Saint Charles’ first miracle was attributed to the healing of bone cancer in a woman in 1984 who prayed to him, with good evidence of medically inexplicable total remission. Other necessary preconditions for canonisation were met in the 90s and 00s. His home parish of Saumur was very keen that he be made a saint, and when the 99th anniversary of his death came in 2015, they started a prayer campaign by praying, and advertising for prayers, every day for the 365 days up to the 100th anniversary, with a special novena in the 9 days leading to the anniversary. Praying brings results.
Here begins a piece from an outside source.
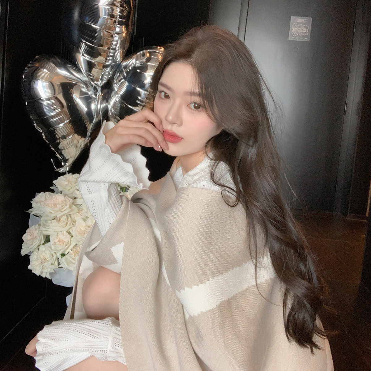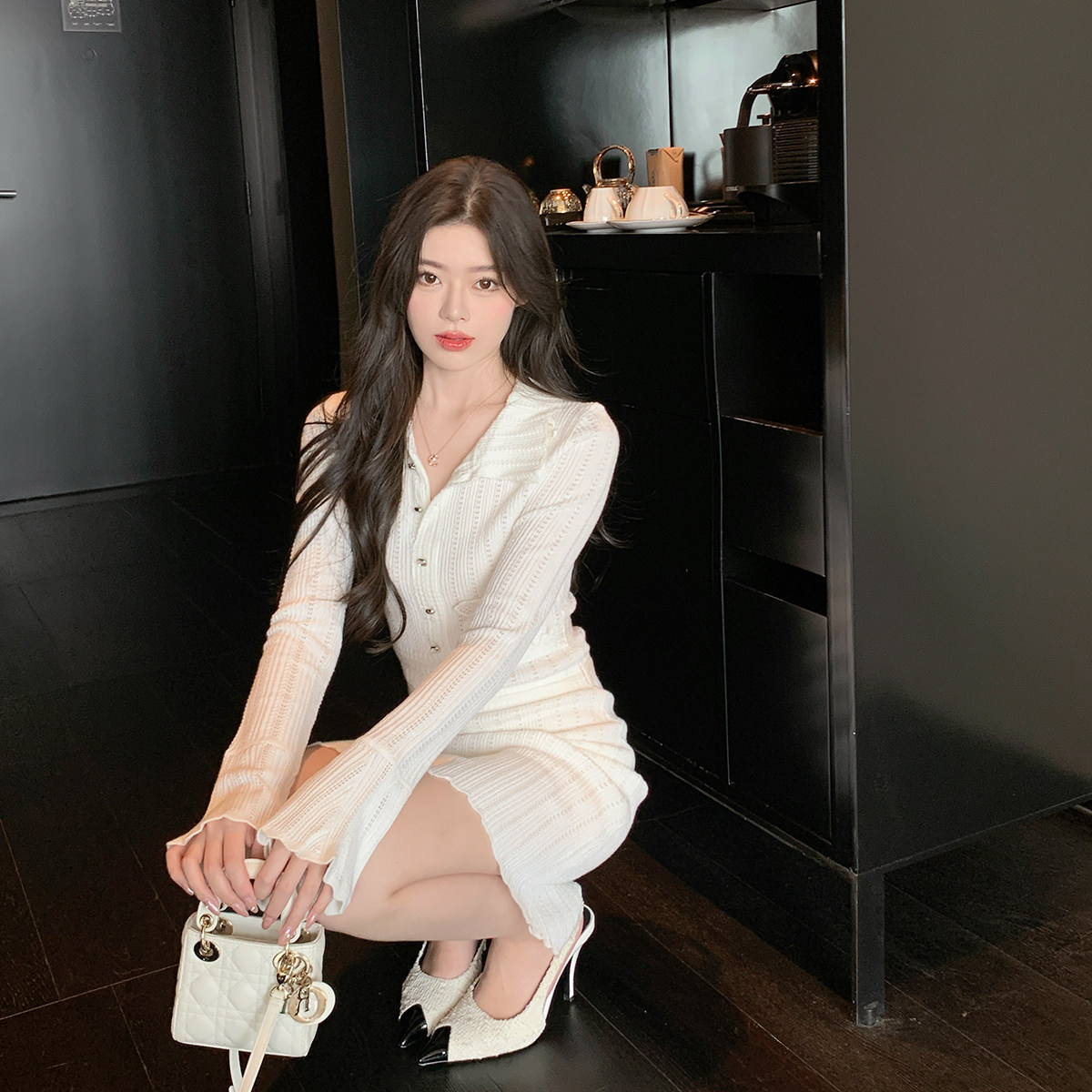 ByYou 秋冬新款翻领白色羊毛镂空针织连衣裙短款收腰显瘦百褶裙子

On the day before his 100th anniversary, there were repairs being undertaken in the roof of the chapel at Saumur that Charles attended. A young carpenter named Charle, age 21, bearing a strong resemblance to Charles, was working in the space above the vaulted roof. Charles de Foucauld was 21 when he left Saumur. At 4.30pm as Vespers began, Charle took a wrong step in the vaulted roof and fell through it down to the hard floor 15m (45 feet) below. He says that the fall took a long time and as he fell, his thought was to ‘abandon himself’. Such a fall is almost certainly fatal at a speed of 60-70 km/h on impact and would cause broken bones and burst organs. He fell onto the 60cm long arm of an upturned church pew, and the arm impaled itself through his abdomen below the heart, sticking out of both sides of his body. Not only did he survive, but he did not even lose consciousness, and he stood up immediately. He knew he needed help, but to go out of the front of the church would risk alarming the children outside, so he went the long way through the back and found people to call an ambulance. The ambulance was going to take too long, so they called a helicopter as well. When it arrived, Charle could not fit into the helicopter because of the piece of wood sticking out of him, so he had to wait for the ambulance, taking a further 55 minutes to get to the hospital in Angers. In hospital, the wood was removed in surgery, and no bleeding was observed. Only one bone was broken, a rib. Eight days later he was out of the hospital and soon back to work.

Carpenter Charle who walked away from a 15m fall with a stake through his chest
Source: La Croix
Watch Charle speak about it here. There's just one thing - it happened the day before his anniversary; but wait, it happened at the start of Vespers, so according to the calendar of the church, it was indeed the very start of the day of the 100th anniversary. Could it be any clearer? We are all given the space to write it off to chance, or confirmation bias, or pious exaggeration, if you are determined not to believe. But God doesn't make it too hard for us, does He?